33 wks
/(Yikes! Check out the difference between this month and last! I'm running out of room!)
For the last 6 years I have been teaching natural childbirth classes
and the last 3 working for two midwives as their assistant. I have
love, love, LOVED being a part of the births of over 100 babies.
Friday was my last day on call for the Birth Center. Zero days in the foreseeable future that I will be on call again. A breastfeeding mommy cannot simply leave her little babe for an undetermined amount of time while she assists at a birth. So, I don't know when/if I'll get back to it. To say that I'll miss being involved at the birth center is a huge understatement. It feels weird to think that I could simply turn off my phone and not be needed.
Because I have attended so many births and worked closely alongside the midwives, you would think that my confidence level approaching my own birth would be high. Strangely, I've been struggling with the opposite. Most people can "forget" the intensity of what birth was like for
them...I've witnessed it on a regular basis for the last few years. I've seen a lot of different labors. Some labors are crazy fast, some are crazy long. I've seen simple straight forward births, and births with all kinds of twists and turns. I've cried at both happy endings and very sad endings. It is easy to take all those experiences on as my own. So much of me is invested in each birth I help with.

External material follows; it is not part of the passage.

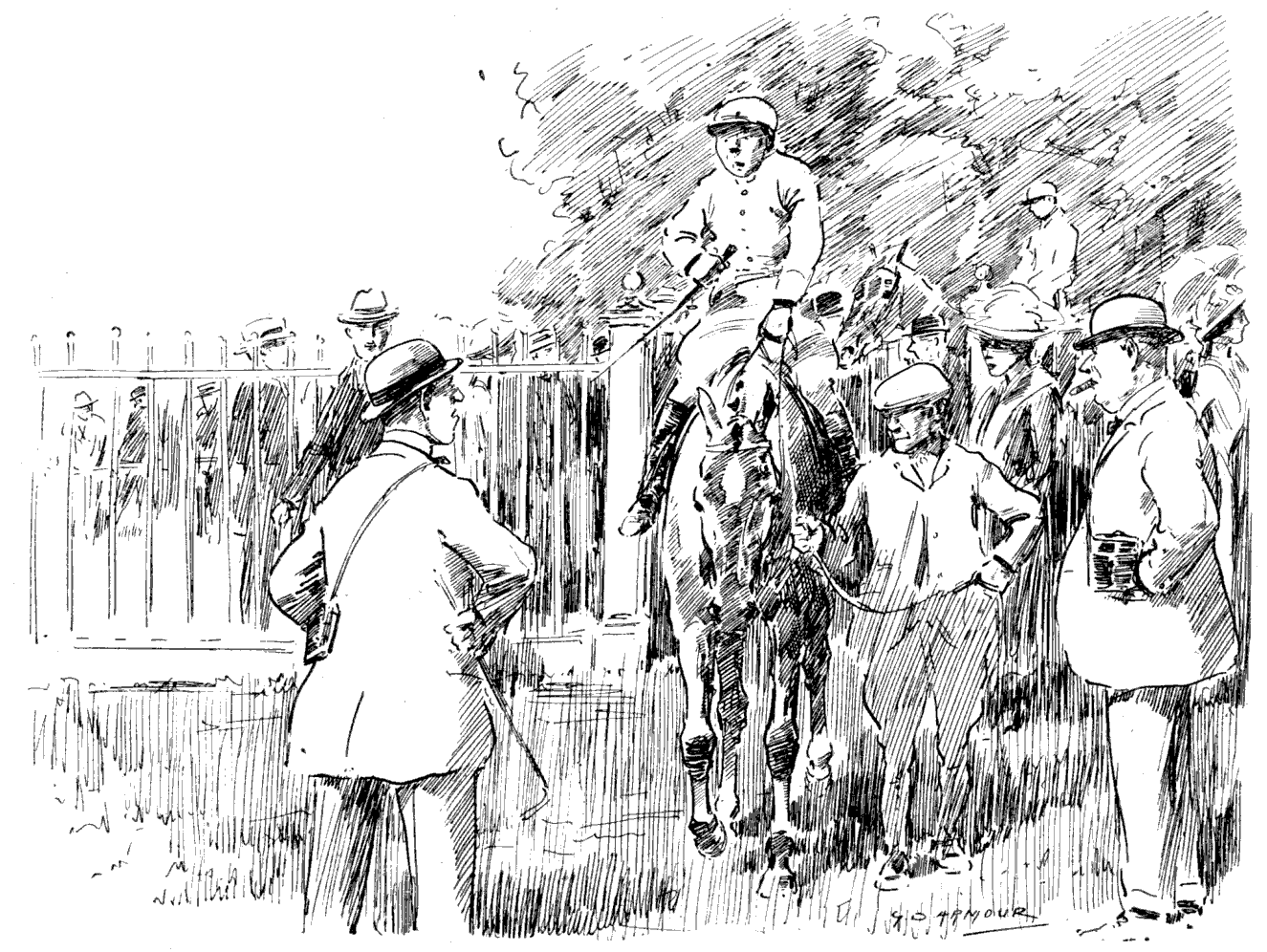 Trainer (to Irish apprentice who has finished among the "also ran"). "Why didn't you hang on to the favourite? Didn't I tell you you were the only one he was afraid of."

As much as I'll miss getting my hands on all those brand new babies, it is time for me to step back. I am anxious to spend the next 6-7 weeks settling in to what I know to be true for ME. All three of my births were wonderful. My labor with Emma was 18 hours. Hannah's was 9 hrs. Laurel's 4 hrs. (notice how the time gets cut in half each time...) I am completely blessed with great health and low risk pregnancies. I am so thankful that I was able to give birth 3 times without interventions (inductions, iv's, electronic fetal monitoring, epidurals or other pain meds.) I'm praising God that I've never had stitches, never been overdue, never needed 1 drop of pitocin.
My worry is unwarranted. Everything in my past supports the hope that this birth will also be completely safe and very, very sweet.